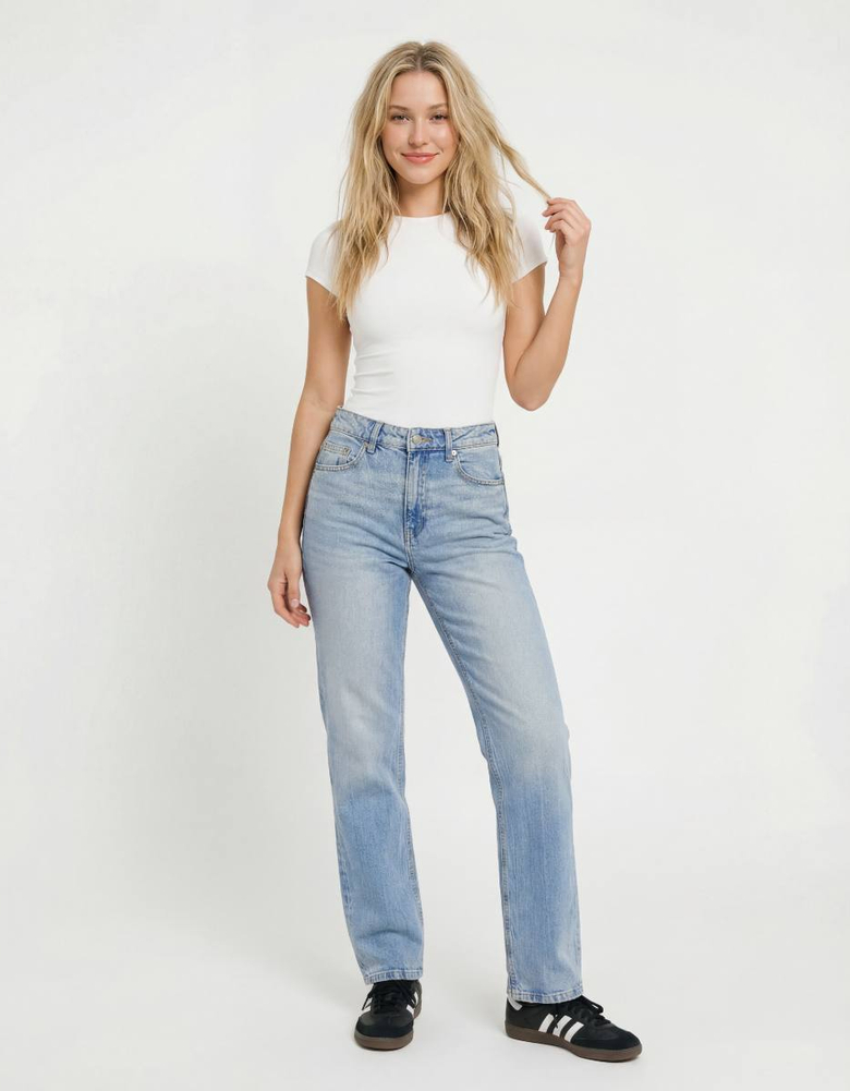 Jeans Dritti Blu a Vita Alta
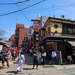 Le temple rouge et ces pavillons sont magnifiques, très bonne ambiance, des signes japonais de partout 🥰. On se balade ensuite dans les alentours, des ruelles très mignonnes et des allées couvertes (toujours blindé de monde) des magasins de vêtements traditionnels, de souvenirs, de couteaux ( trop beaux !) et restaurants de partout, vraiment sympa ce quartier. On se prend des petits snacks inconnus salé dans la rue, des beignets au curry et a là viande, frits et vapeurs, très bons! Toujours pas de place pour du sucré dommage on reviendra peut être dans ce quartier pour notre dernière nuit à Tokyo!
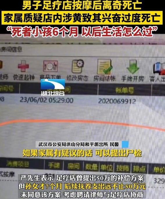 根據(jù)這則消息,我們可以了解到湖北武漢發(fā)生了一起令人不寒而栗的事件。一名29歲男子在足療店內(nèi)按摩后離奇死亡。男子的父親對此表示懷疑,認(rèn)為兒子的死可能與足療店涉黃有關(guān),是興奮過度導(dǎo)致的。
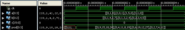 hallo, der Code entspricht diesem hier http://vhdlguru.blogspot.com/2010/03/matrix-multiplication-in-vhdl.html Nur weiß ich leider nicht wie ich den Code testen soll? ich habe in meinem Fall das x im File mat_tb.vhd weggelassen und a und b fix vorgegeben. mfG
━━━━
- **TASK DIRECTIONS**: All the material above should be written out exactly, with images omitted.

- **RESULT FOR THIS EXERCISE**:
 Jeans Dritti Blu a Vita Alta
 Le temple rouge et ces pavillons sont magnifiques, très bonne ambiance, des signes japonais de partout 🥰. On se balade ensuite dans les alentours, des ruelles très mignonnes et des allées couvertes (toujours blindé de monde) des magasins de vêtements traditionnels, de souvenirs, de couteaux ( trop beaux !) et restaurants de partout, vraiment sympa ce quartier. On se prend des petits snacks inconnus salé dans la rue, des beignets au curry et a là viande, frits et vapeurs, très bons! Toujours pas de place pour du sucré dommage on reviendra peut être dans ce quartier pour notre dernière nuit à Tokyo!
 根據(jù)這則消息,我們可以了解到湖北武漢發(fā)生了一起令人不寒而栗的事件。一名29歲男子在足療店內(nèi)按摩后離奇死亡。男子的父親對此表示懷疑,認(rèn)為兒子的死可能與足療店涉黃有關(guān),是興奮過度導(dǎo)致的。
 hallo, der Code entspricht diesem hier http://vhdlguru.blogspot.com/2010/03/matrix-multiplication-in-vhdl.html Nur weiß ich leider nicht wie ich den Code testen soll? ich habe in meinem Fall das x im File mat_tb.vhd weggelassen und a und b fix vorgegeben. mfG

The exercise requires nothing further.